Jason Merrill <jason@redhat.com> writes:

| >>>>> "Benjamin" == Benjamin Kosnik <bkoz@redhat.com> writes:
| 
| >> No, but the patch under discussion changes several static data members to
| >> be inherited, so the mangled name is different.  If the default is wrong
| >> for a type, it must be overridden in the (derived) specialization, so the
| >> mangled name depends on whether or not the default is correct.
| 
| > Hmm. Well, numeric_limits only has meaning as a specialization. For the
| > required specializations, no derivation is required. It stands to reason
| > that non-required, user-defined specializations would also not be
| > derivations.
| 
| True.  But if it only has meaning as a specialization, why was the change
| useful in the first place?

On first sight, it was thought (admitely, wrongly) that the
ducplicate-symbol problem was coming from the library side whereas, in
fact, it was a compiler problem.  
A reason why I approved it is that it contributes to reduce the footprint.

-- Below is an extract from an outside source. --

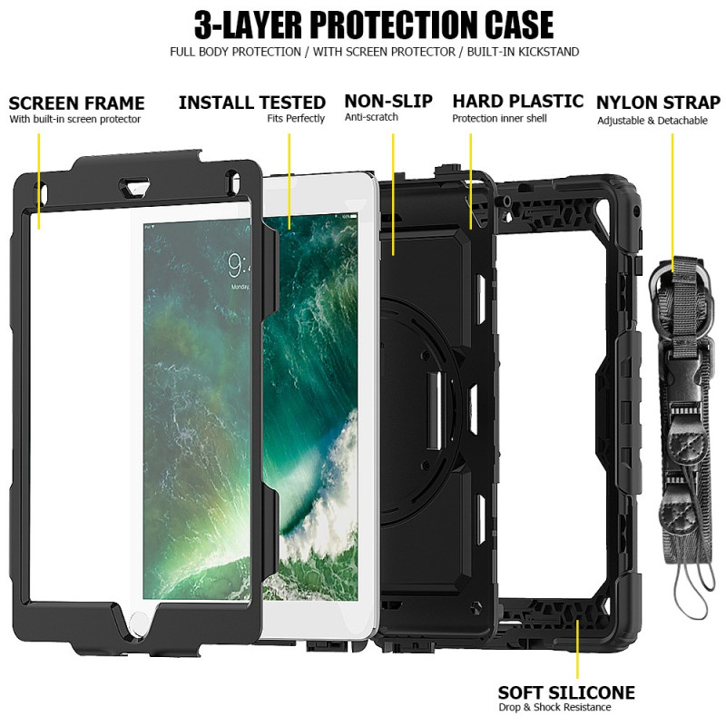 Protégez votre iPad avec élégance grâce à cette coque robuste tout-en-un. Conception hybride anti-choc, support rotatif 360°, sangle de main ajustable et bandoulière détachable incluse. Film protecteur et porte-stylet intégrés pour une...
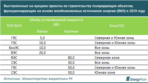 Суммарный объём установленной мощности, запланированный к отбору в 2019 году, составляет 255 МВт. Из них солнечные электростанции — 80 МВт, ветровые электростанции — 100 МВт, гидроэлектростанции — 65 МВт, биоэлектростанции — 10 МВт.

| > The idea that now __numeric_limits_base* is in the exported symbols list 
| > is the bit that personally makes me nervous. I thought this was the part 
| > that you were nervous about.
| 
| I was concerned about changing the mangled name of, say,
| 
|   std::numeric_limits<std::string>::is_integer

How can a conforming program be affected, now that the corresponding
symbol definition is kept in a single place?